--- START ---

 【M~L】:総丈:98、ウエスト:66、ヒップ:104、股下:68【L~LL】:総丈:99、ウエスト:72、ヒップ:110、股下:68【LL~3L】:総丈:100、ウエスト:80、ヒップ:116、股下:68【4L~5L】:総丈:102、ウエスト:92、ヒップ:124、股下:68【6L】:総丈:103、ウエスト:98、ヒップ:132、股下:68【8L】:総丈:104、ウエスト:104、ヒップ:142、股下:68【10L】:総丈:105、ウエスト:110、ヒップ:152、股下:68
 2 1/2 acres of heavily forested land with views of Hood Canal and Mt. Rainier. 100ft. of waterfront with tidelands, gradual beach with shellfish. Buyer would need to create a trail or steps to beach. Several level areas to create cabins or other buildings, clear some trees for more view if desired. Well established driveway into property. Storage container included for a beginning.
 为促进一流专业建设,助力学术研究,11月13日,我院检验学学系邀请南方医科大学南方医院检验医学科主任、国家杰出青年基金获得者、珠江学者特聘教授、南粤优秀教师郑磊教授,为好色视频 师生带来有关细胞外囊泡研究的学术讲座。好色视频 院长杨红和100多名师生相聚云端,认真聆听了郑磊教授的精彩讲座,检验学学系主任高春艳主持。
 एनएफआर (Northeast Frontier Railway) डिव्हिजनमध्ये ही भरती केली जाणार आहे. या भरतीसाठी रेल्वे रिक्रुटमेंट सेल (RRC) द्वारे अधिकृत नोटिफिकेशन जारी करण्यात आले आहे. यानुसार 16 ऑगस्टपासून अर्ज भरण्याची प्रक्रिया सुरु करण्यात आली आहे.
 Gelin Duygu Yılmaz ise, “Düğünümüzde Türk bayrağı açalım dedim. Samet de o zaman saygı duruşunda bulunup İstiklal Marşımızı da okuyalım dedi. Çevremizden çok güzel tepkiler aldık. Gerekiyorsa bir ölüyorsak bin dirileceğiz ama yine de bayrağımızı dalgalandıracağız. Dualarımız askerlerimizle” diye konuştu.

--- END ---

Task prompt: Could you set down each entry above word for word?

Output of the task:
 【M~L】:総丈:98、ウエスト:66、ヒップ:104、股下:68【L~LL】:総丈:99、ウエスト:72、ヒップ:110、股下:68【LL~3L】:総丈:100、ウエスト:80、ヒップ:116、股下:68【4L~5L】:総丈:102、ウエスト:92、ヒップ:124、股下:68【6L】:総丈:103、ウエスト:98、ヒップ:132、股下:68【8L】:総丈:104、ウエスト:104、ヒップ:142、股下:68【10L】:総丈:105、ウエスト:110、ヒップ:152、股下:68
 2 1/2 acres of heavily forested land with views of Hood Canal and Mt. Rainier. 100ft. of waterfront with tidelands, gradual beach with shellfish. Buyer would need to create a trail or steps to beach. Several level areas to create cabins or other buildings, clear some trees for more view if desired. Well established driveway into property. Storage container included for a beginning.
 为促进一流专业建设,助力学术研究,11月13日,我院检验学学系邀请南方医科大学南方医院检验医学科主任、国家杰出青年基金获得者、珠江学者特聘教授、南粤优秀教师郑磊教授,为好色视频 师生带来有关细胞外囊泡研究的学术讲座。好色视频 院长杨红和100多名师生相聚云端,认真聆听了郑磊教授的精彩讲座,检验学学系主任高春艳主持。
 एनएफआर (Northeast Frontier Railway) डिव्हिजनमध्ये ही भरती केली जाणार आहे. या भरतीसाठी रेल्वे रिक्रुटमेंट सेल (RRC) द्वारे अधिकृत नोटिफिकेशन जारी करण्यात आले आहे. यानुसार 16 ऑगस्टपासून अर्ज भरण्याची प्रक्रिया सुरु करण्यात आली आहे.
 Gelin Duygu Yılmaz ise, “Düğünümüzde Türk bayrağı açalım dedim. Samet de o zaman saygı duruşunda bulunup İstiklal Marşımızı da okuyalım dedi. Çevremizden çok güzel tepkiler aldık. Gerekiyorsa bir ölüyorsak bin dirileceğiz ama yine de bayrağımızı dalgalandıracağız. Dualarımız askerlerimizle” diye konuştu.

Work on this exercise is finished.